**What is required:** Find the line with "2016年6月14日,全国高" in the records below. Output exactly from there until after the line with "Продуктовый магазин по", without pictures.
===== Information shown =====
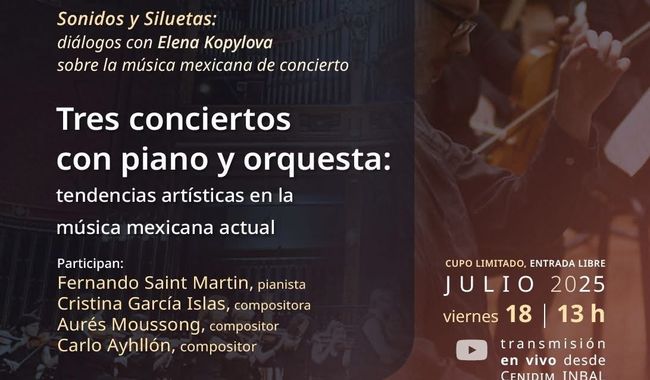 El Centro Nacional de Investigación, Documentación e Información Musical Carlos Chávez (CENIDIM), adscrito a la Subdirección General de Educación e Investigación Artísticas (SGEIA) del Instituto Nacional de Bellas Artes y Literatura (INBAL), invita a la charla Tres conciertos con piano y orquesta: tendencias artísticas en la música mexicana actual, que se transmitirá a través del canal de YouTube del CENIDIM el próximo 18 de julio a las 13 horas.
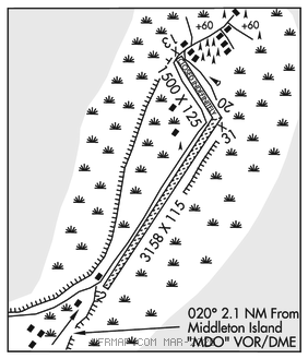 MIDDLETON ISLAND (MDO)(PAMD) 1 S UTC–9(–8DT) N59°27.00′ W146°18.43′
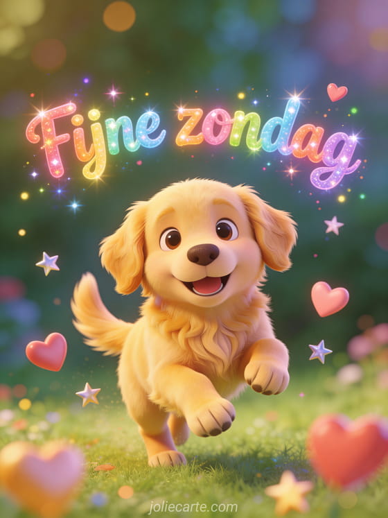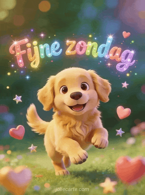 Deel een geanimeerde gif voor fijne zondag met kleurrijke letters, een schattige golden retriever pup die kwispelt, zwevende hartjes en fonkelende sterren. Ontdek ook een fijne zondag mooie kaart of een fijne zondag in de regen humor.
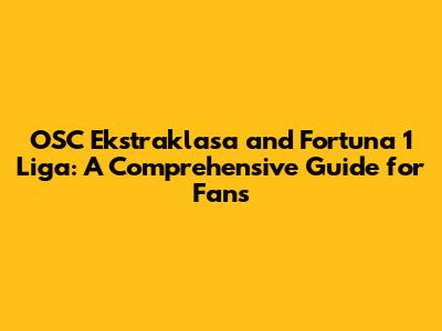 OSC Ekstraklasa & Fortuna 1 Liga: Your Ultimate Guide
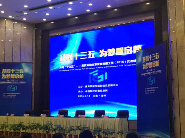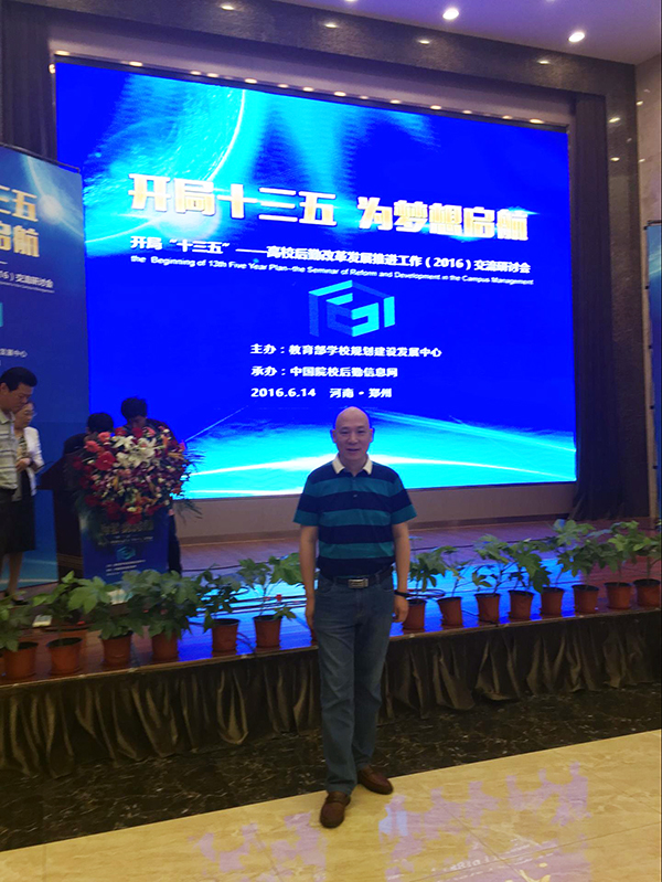 2016年6月14日,全国高校后勤改革发展推进工作交流研讨会在河南省郑州市召开。教育部学校规划建设发展中心主任陈锋、国家发改委体改司副司长周南等领导出席会议。教育部高校规划发展中心副主任邬国强主持会议,河南省教育厅副厅长尹洪斌在会上致辞。来自全国各省(区、市)400余所高校的830余名后勤相关工作的负责人参加了会议。辛国芳董事长作为中国教育后勤协会伙食专业委员会常务委员,安徽省高校后勤协会理事、餐饮专业委员会副主任应邀参加会议。
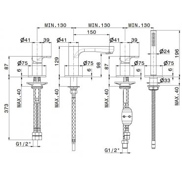 NEWFORM LINFA II WANNENRANDBATTERIE MIT AUSLAUF, UMSTELLER UND HANDBRAUSE SET
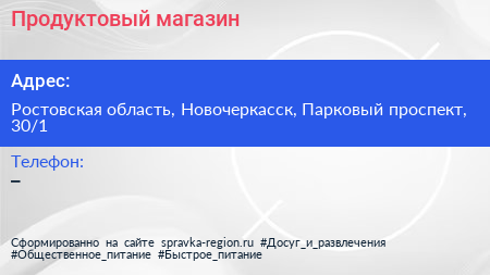 Продуктовый магазин по адресу Ростовская область, Новочеркасск, Парковый проспект, 30/1 в дальнейшем Организация, размещена в следующих категориях:
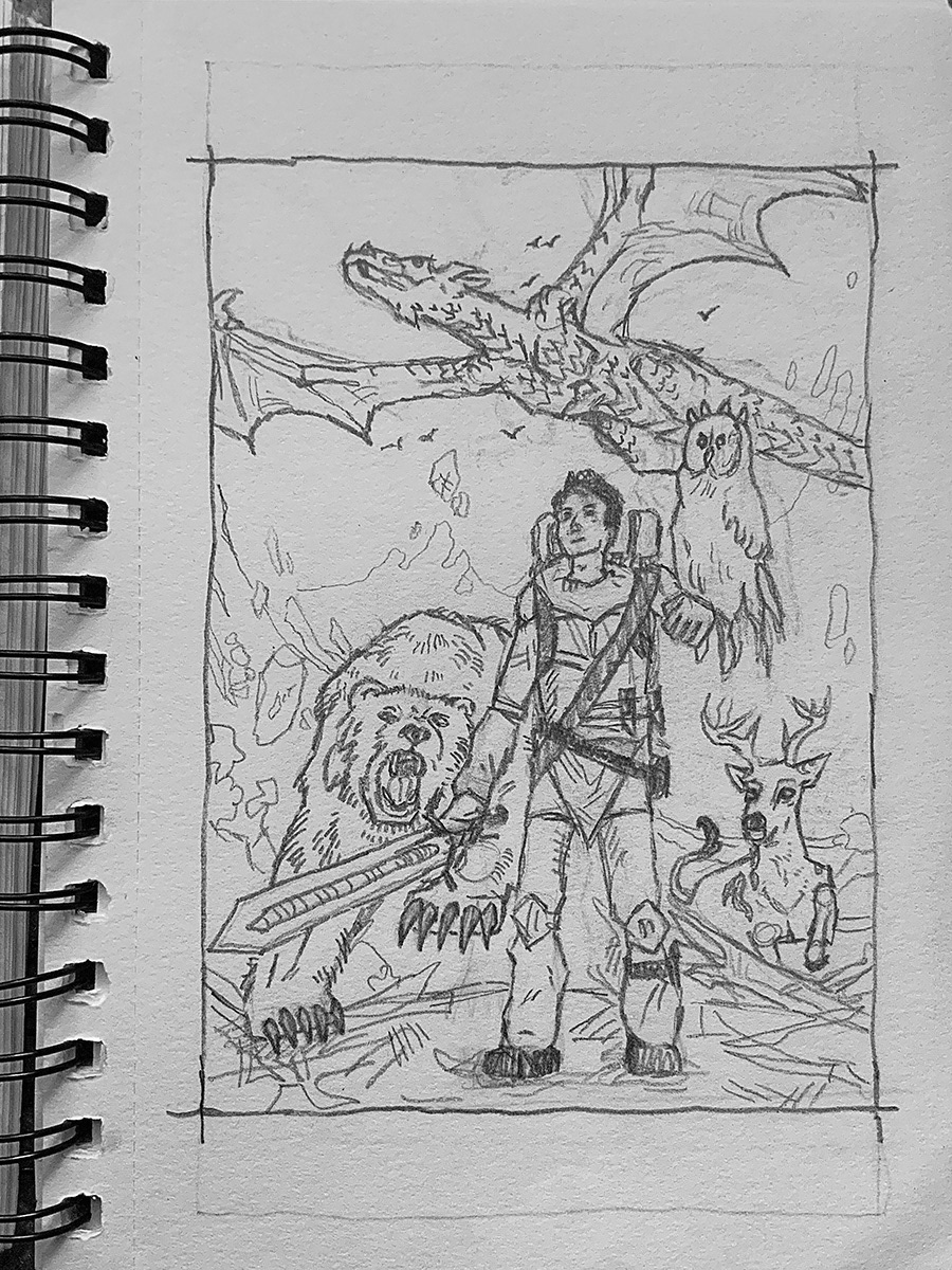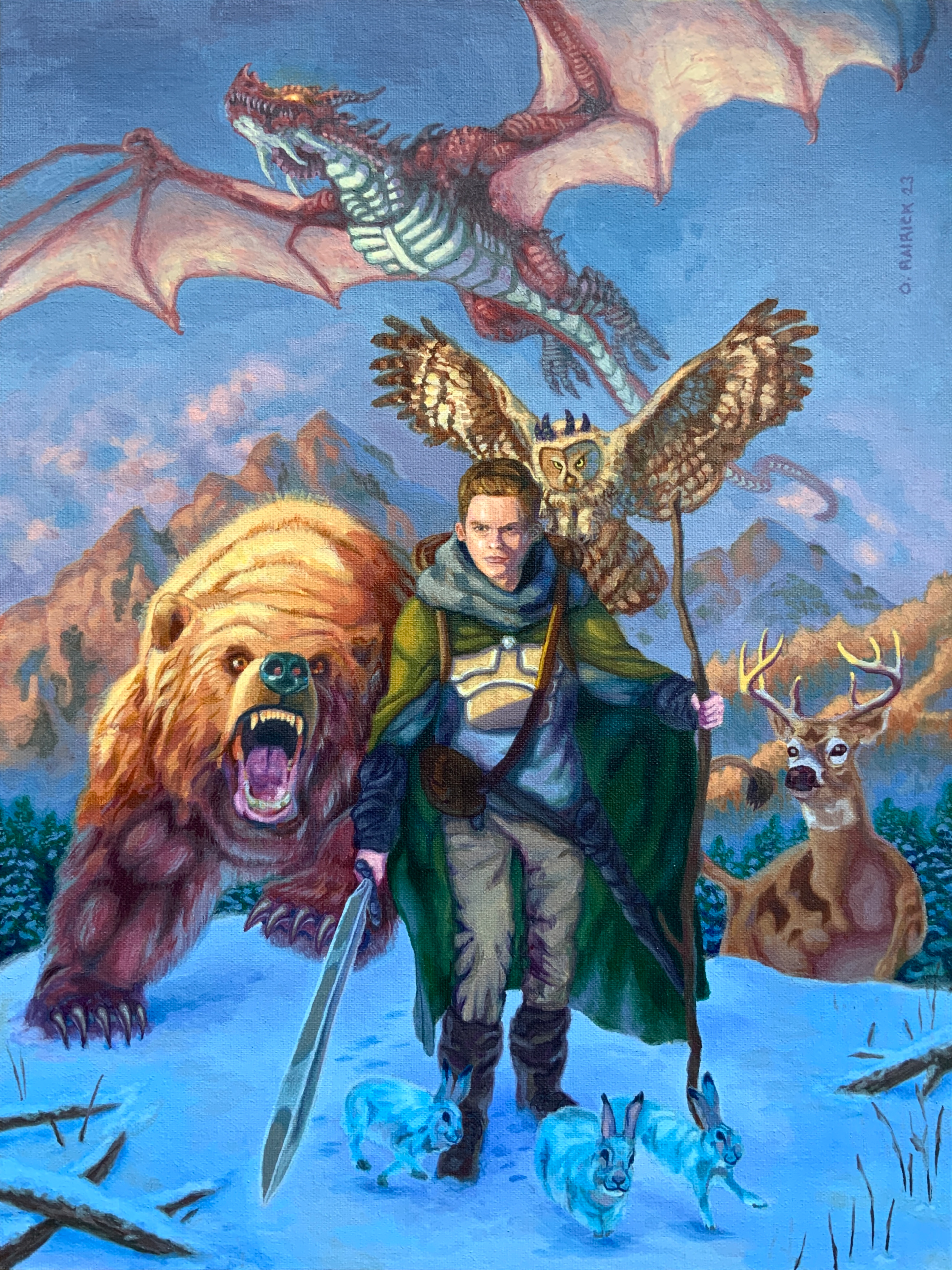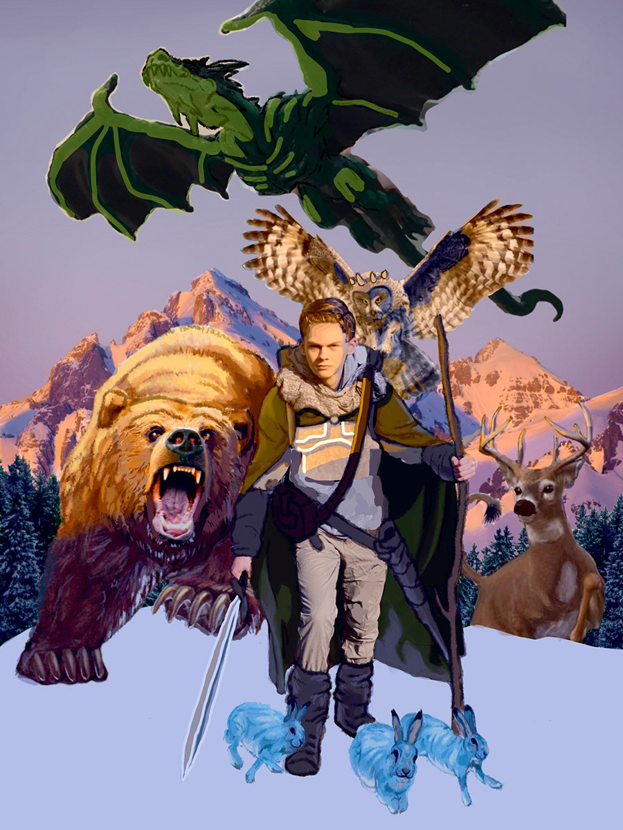 Self portrait of myself as an adventurer, warrior, and befriender of beasts. Focus on perspective, atmosphere, and the golden hour lighting to add interest and depth. Created my own maquette of a dragon and dressed up for reference.
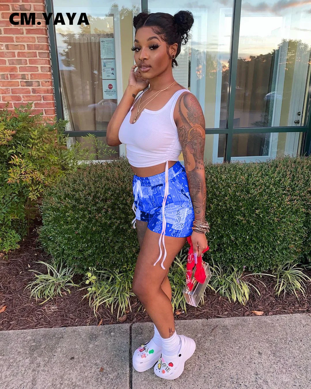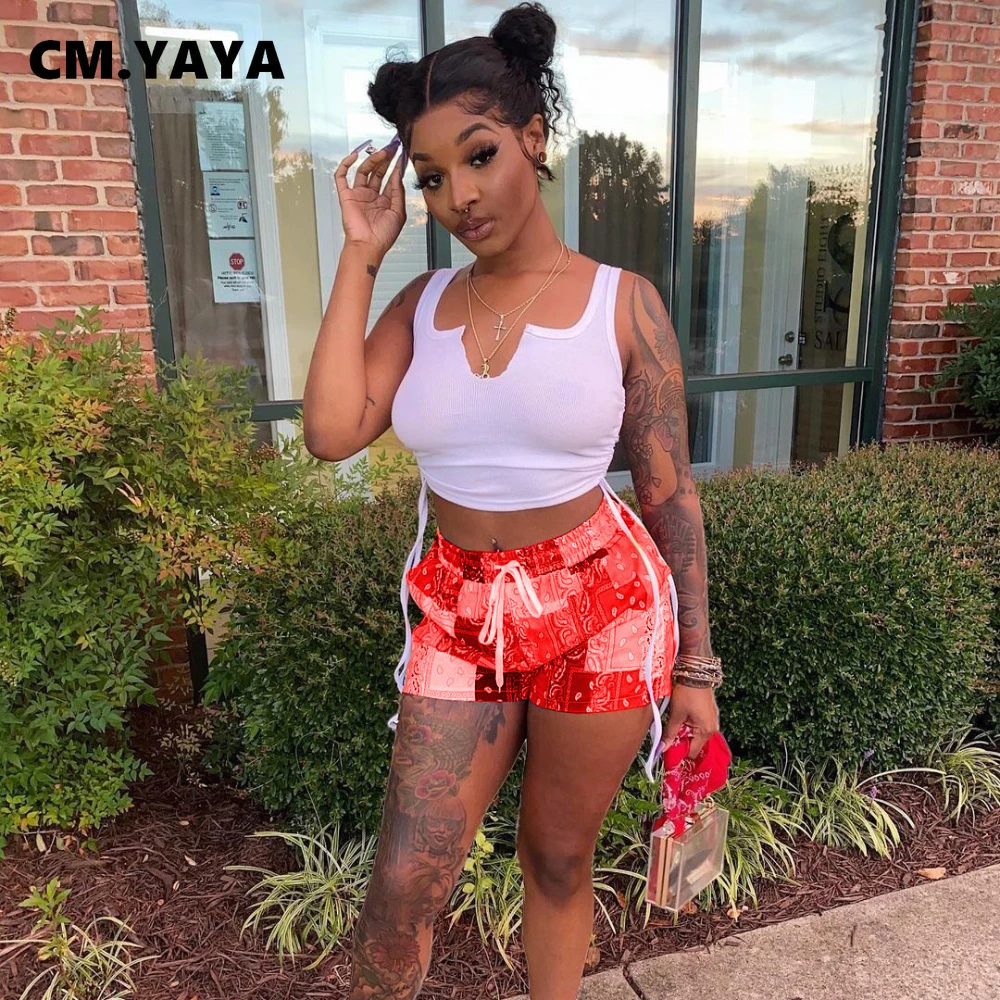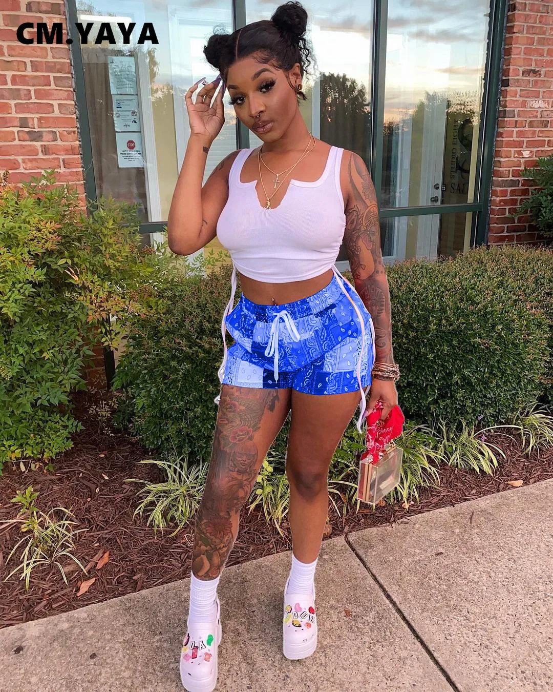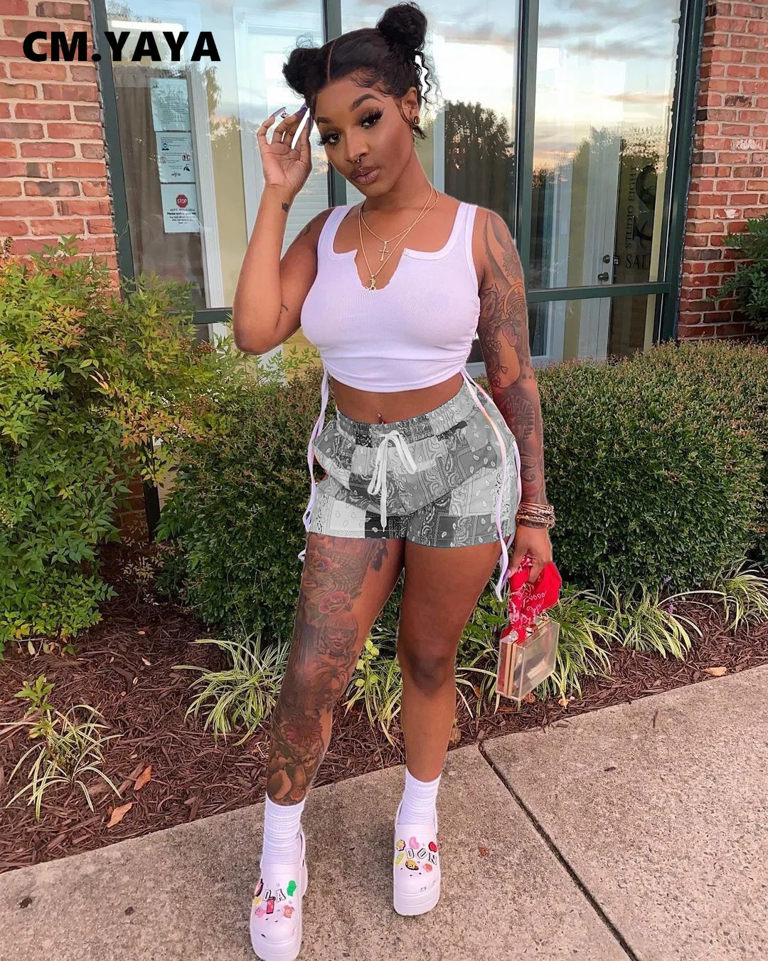 CM.YAYA Women Set Elastic Summer Tanks Drawstring Print Shorts Suits 2 Piece Set Female Casual High Street Wear Tracksuits
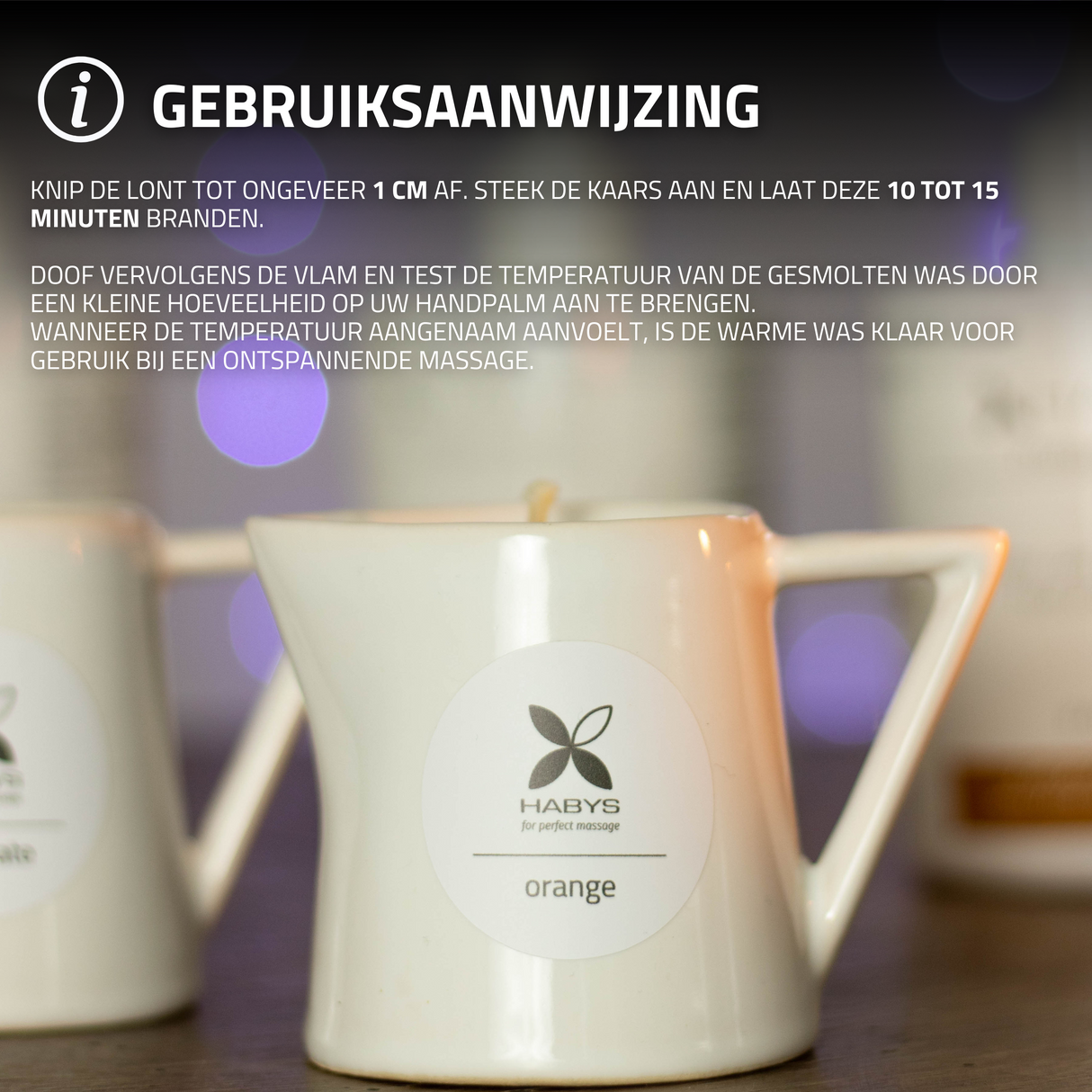 Toepassing: Knip voor het gebruik van de massagekaars de lont tot ongeveer 1 cm en steek de kaars aan. Na ongeveer 10 tot 15 minuten kunt u de vlam doven en de temperatuur van de was op uw handpalm controleren. Is de temperatuur aangenaam, dan kunt u met de warme was masseren.
=====
**Your response:**
 2016年6月14日,全国高校后勤改革发展推进工作交流研讨会在河南省郑州市召开。教育部学校规划建设发展中心主任陈锋、国家发改委体改司副司长周南等领导出席会议。教育部高校规划发展中心副主任邬国强主持会议,河南省教育厅副厅长尹洪斌在会上致辞。来自全国各省(区、市)400余所高校的830余名后勤相关工作的负责人参加了会议。辛国芳董事长作为中国教育后勤协会伙食专业委员会常务委员,安徽省高校后勤协会理事、餐饮专业委员会副主任应邀参加会议。
 NEWFORM LINFA II WANNENRANDBATTERIE MIT AUSLAUF, UMSTELLER UND HANDBRAUSE SET
 Продуктовый магазин по адресу Ростовская область, Новочеркасск, Парковый проспект, 30/1 в дальнейшем Организация, размещена в следующих категориях:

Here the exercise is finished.